**ACTIVITY:** Within the listing that follows, reproduce exactly the lines starting at the line with "Usually special chips" and ending at the line with "Bracelets imprimables. Parfaits", inclusive, and only those. Pictures are dropped.
┏━━
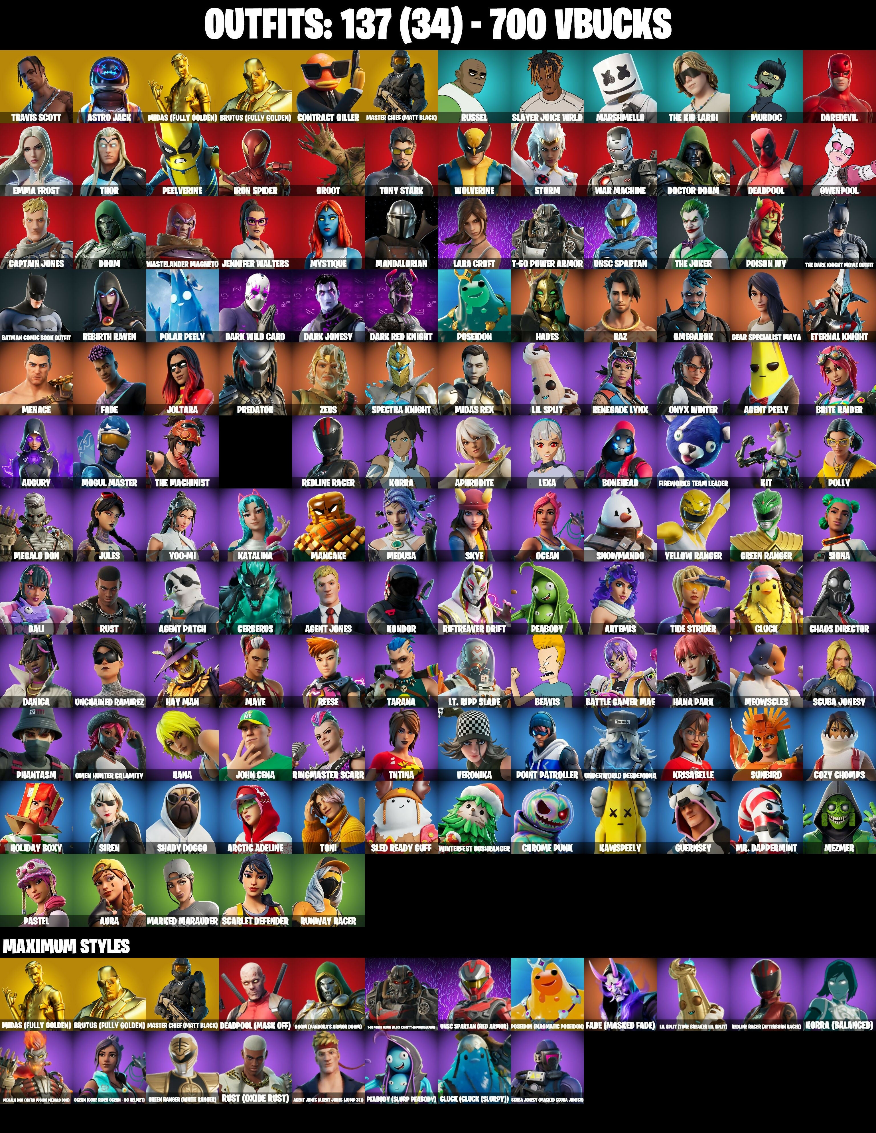 137 Skins | Travis Scott , Master Chief (Matt Black) , Astro Jack , Go Mufasa | 700 VBucks | [PC/PSN/XBOX/NINTENDO]
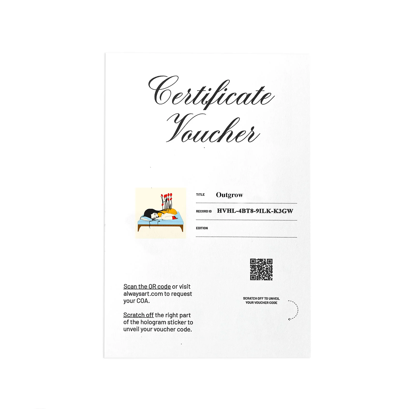 Each print will be signed, numbered and will include a voucher to register your work and receive your official Certificate of Authenticity by Always Art.
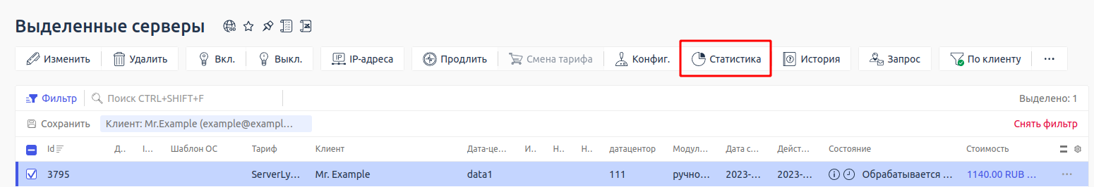 - Проверьте статистику по ID услуги. Для этого перейдите в раздел Товары/услуги → выберите услугу → кнопка Статистика в верхнем меню:
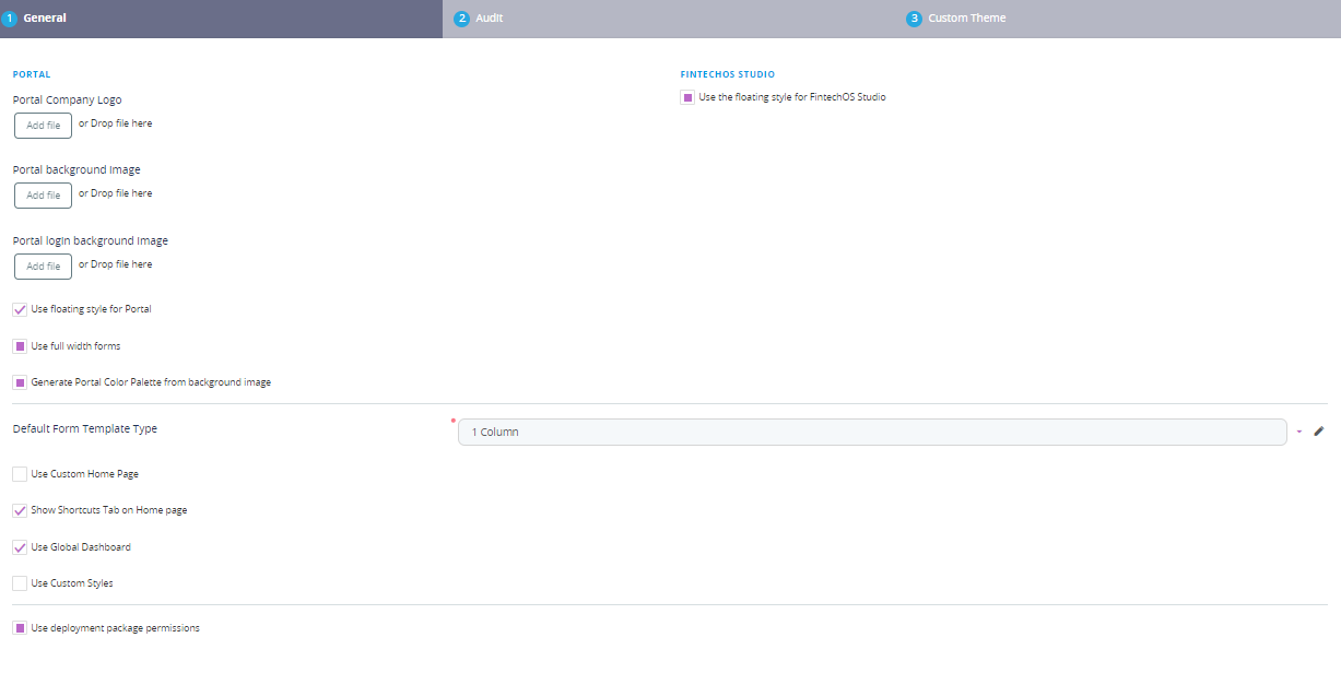- Set the transparent top menu bar and a floating feeling for all elements by ticking the Use floating style for Portal checkbox.
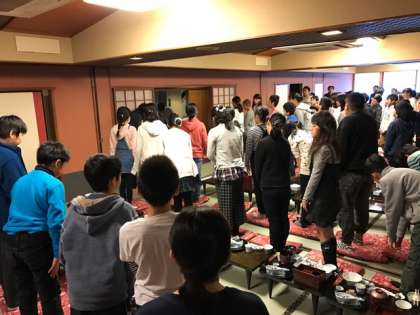 二日間お世話になった旅館を後にします。お風呂や食事,部屋で素敵な思い出を作ることができました。お世話になった旅館の方々にしっかりと感謝の気持ちを伝えてました。
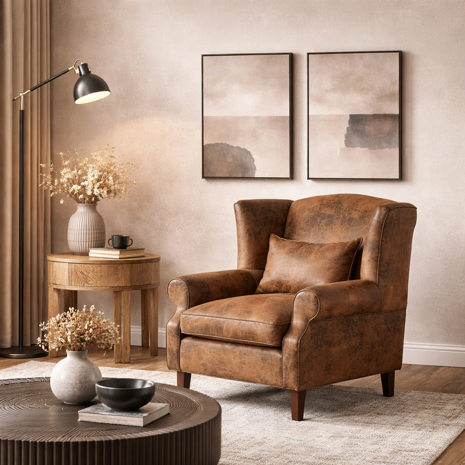 Sillón Moderno de Mediados de Siglo con Reposabrazos de Cuero Genuino | Marco de Madera Maciza Relleno de Espuma | Sillón Club Vintage para Sala de Estar de Villa
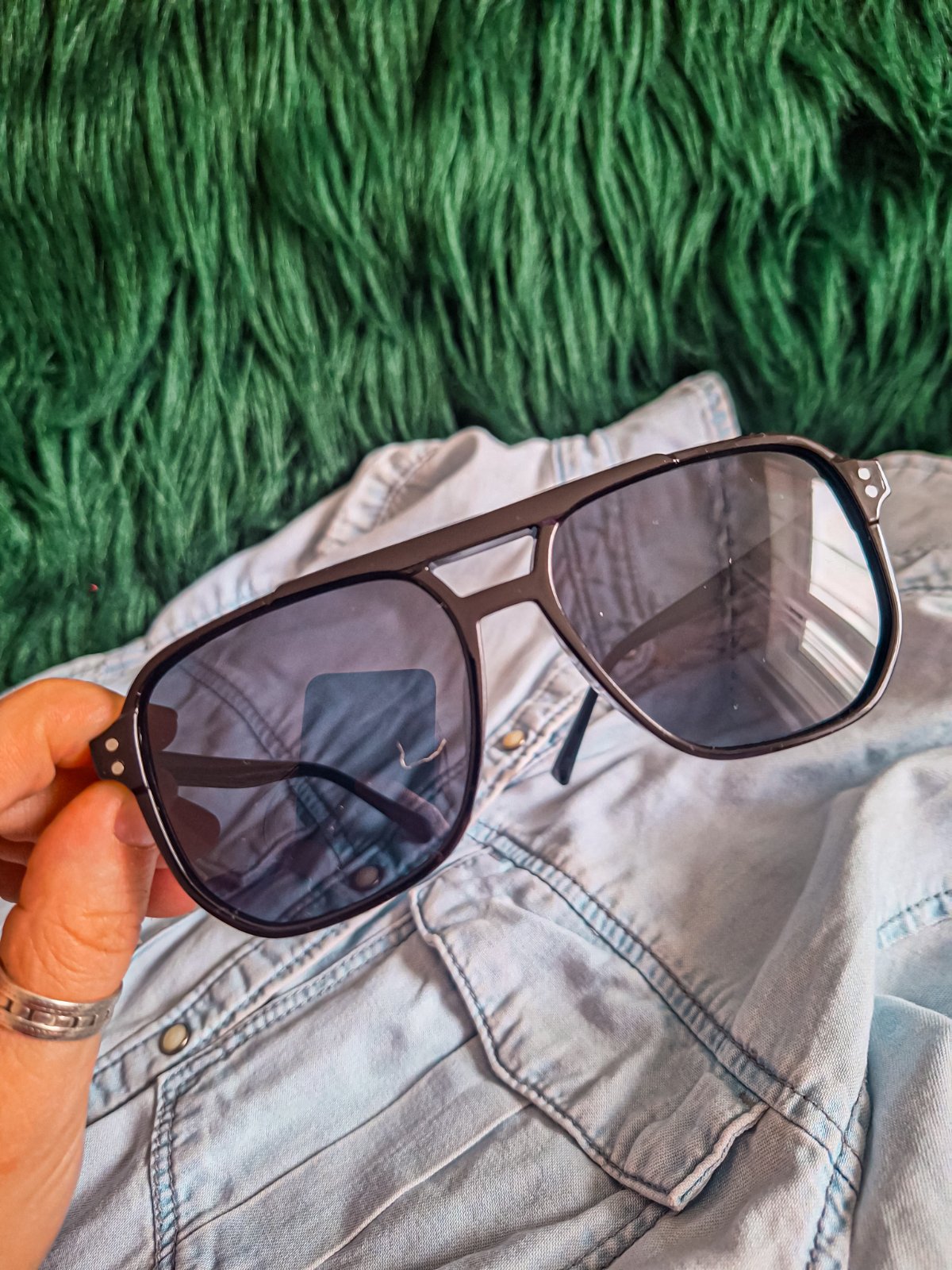 čierne slnečné okuliare , na štýl - pilotky
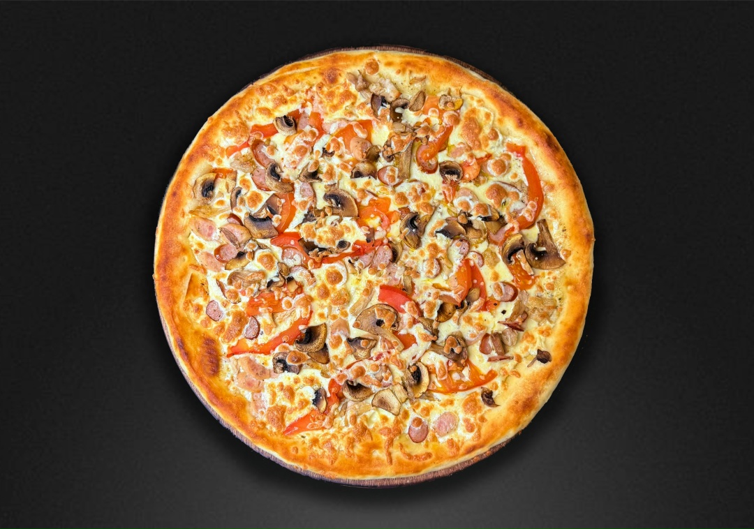 Соус белый, сыр моцарелла, свинина отварная, помидоры, колбаски куриные, колбаски охотничьи, шампиньоны.
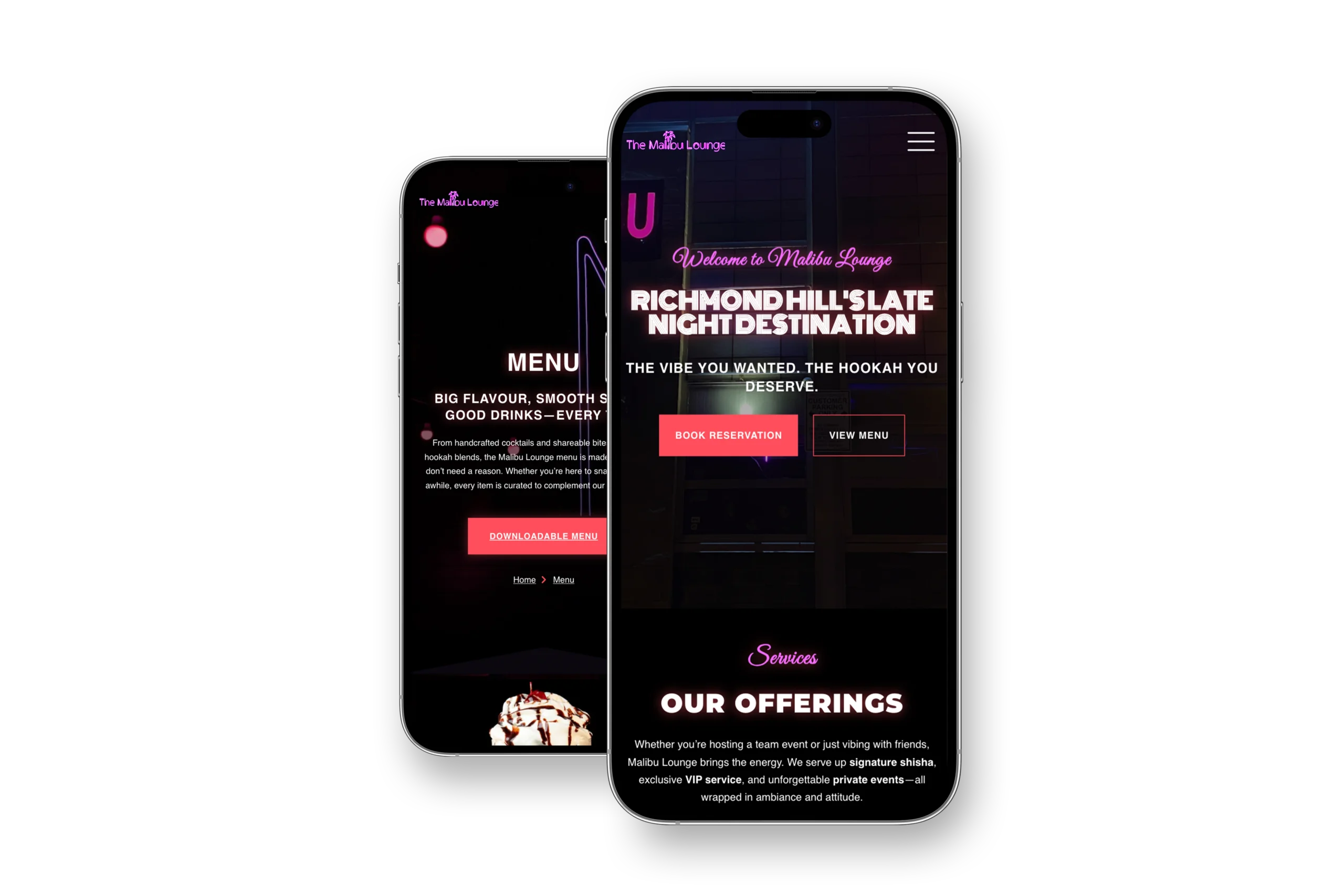 Malibu Lounge is a Richmond Hill–based shisha bar and restaurant. The project involved building a brand-new website from the ground up to establish their online presence and reflect their unique brand identity.
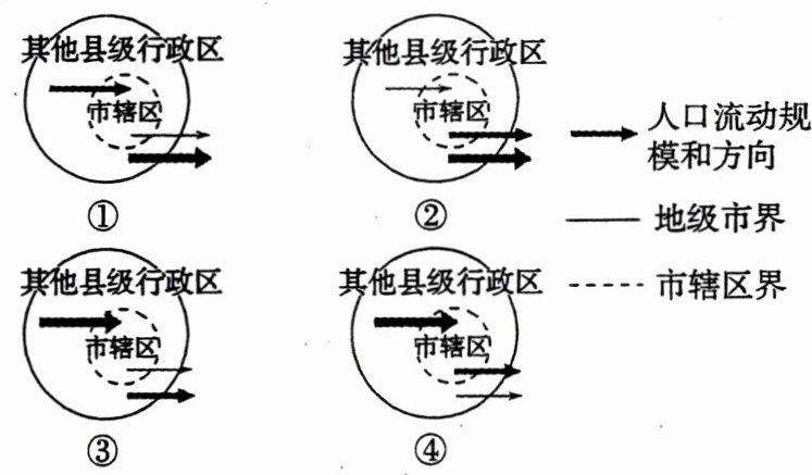 3. A [读图对比2020年和2010年的市辖区人口和其他县级行政区常住人口数量可知,市辖区人口增加,但增幅较小,其他县级行政区人口减少,减幅较大,总人口明显减少。因此人口流动情况为其他县级行政区人口少部分流向市辖区,较多人口流出该地级市。而市辖区流出地级市的人口应少于其他县级行政区流入市辖区的人口,图中箭头粗细可以表示人口流动量的大小,①图符合题意,A正确;②图市辖区流出地级市的人口多于其他县级行政区流入市辖区的人口,会造成市辖区人口减少,不符合题意,B错误;③和④其他县级行政区流入市辖区的人口远高于流出地级市的人口,不符合题意,C、D错误。故选A。]
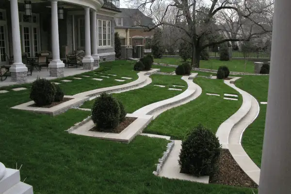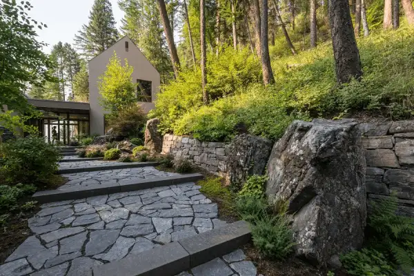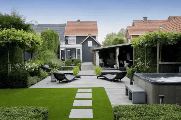 Landscaping, even when done minimally, helps to soften the space and create a relaxing atmosphere.
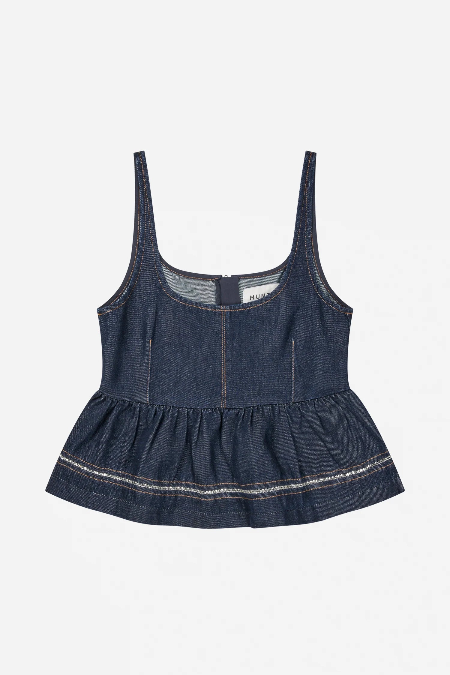 Söt top i mörkblå denim med fina strass-stenar. Smala axelband och en djupt rundad hals och nacke. Markerad midja med sväng nederdel. förslutning med dragkedja i ryggen.
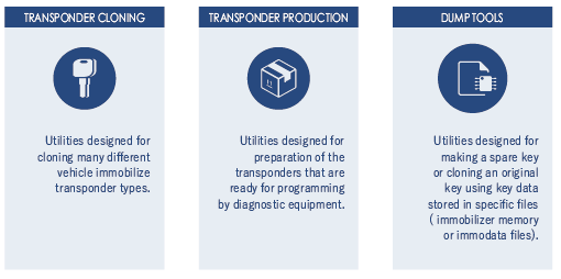Usually special chips are used for TRANSPONDER CLONING. Transponder cloning in most cases requires less time and does not require the factory transponder and additional equipment. Along with this, you can also use special transponders with any software options that require a factory transponders, such as TRANSPONDER PRODUCTION or DUMP TOOL.
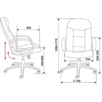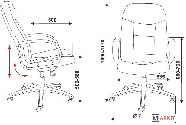 Кожаное кресло руководителя- механизм качания с регулировкой под вес и фиксацией в вертикальном положении- регулировка высоты (газлифт)Материал обивки: Кожа/Искусственная кожа.Ограничение по весу: 120 кг.
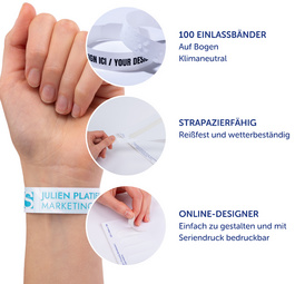 Bracelets imprimables. Parfaits pour les soirées d'entreprise, réunions, séminaires et événements. Grâce à leur matière douce pour la peau et aux bords lisses, ces bracelets sont agréables à porter. Et ils résistent à l'eau et aux salissures. Inviolable: le bracelet se retire facilement du poignet grâce à une ligne de microperforation mais ne peut pas être réutilisé. Faciles à créer et imprimer avec notre logiciel gratuit Avery Desing & Print. Taille du bracelet: 1,8 x 26,5 cm. Paquet de 10 feuilles avec 10bracelets (100 bandes au total).
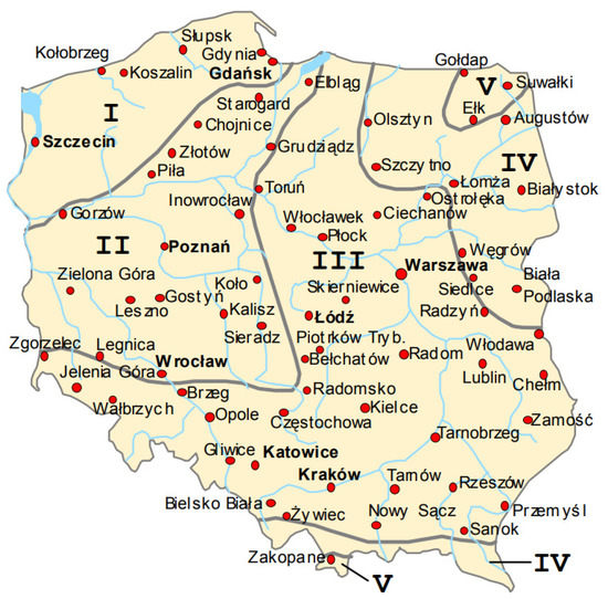 This article presents comparative analyses of the demand for usable energy for heating and ventilation in various locations in Poland. Energy calculations were made based on the CERTO 2015 simulation program, enabling the energy modeling of buildings for the respective calculation zones and rooms. The study incorporates the monthly method, which is used in Poland to determine the energy characteristics in accordance with [21,23]. Depending on the latitude and longitude, Europe has different types of climates. Poland is dominated by a temperate climate, but its three main subtypes can be distinguished: a warm climate, a mild climate, and a cold climate. Due to the division of the territory of Poland into five climate zones according to [24] and the different values of external temperatures and insolation for individual meteorological stations located in the country, the balance of demand for usable energy for heating and ventilation purposes was prepared for identical multi-family residential buildings located in 59 places in Poland, coinciding with the locations of meteorological stations. The territory of Poland, according to [24], is divided into five climate zones, in which the design external temperature, depending on the zone, ranges from −16 °C to −24 °C. The division of the climate zones is shown in Figure 2. The values of the design external temperature for the individual climate zones and average annual external temperatures are presented in Table 2.
┗━━
**ANSWER SECTION:**
Usually special chips are used for TRANSPONDER CLONING. Transponder cloning in most cases requires less time and does not require the factory transponder and additional equipment. Along with this, you can also use special transponders with any software options that require a factory transponders, such as TRANSPONDER PRODUCTION or DUMP TOOL.
 Кожаное кресло руководителя- механизм качания с регулировкой под вес и фиксацией в вертикальном положении- регулировка высоты (газлифт)Материал обивки: Кожа/Искусственная кожа.Ограничение по весу: 120 кг.
 Bracelets imprimables. Parfaits pour les soirées d'entreprise, réunions, séminaires et événements. Grâce à leur matière douce pour la peau et aux bords lisses, ces bracelets sont agréables à porter. Et ils résistent à l'eau et aux salissures. Inviolable: le bracelet se retire facilement du poignet grâce à une ligne de microperforation mais ne peut pas être réutilisé. Faciles à créer et imprimer avec notre logiciel gratuit Avery Desing & Print. Taille du bracelet: 1,8 x 26,5 cm. Paquet de 10 feuilles avec 10bracelets (100 bandes au total).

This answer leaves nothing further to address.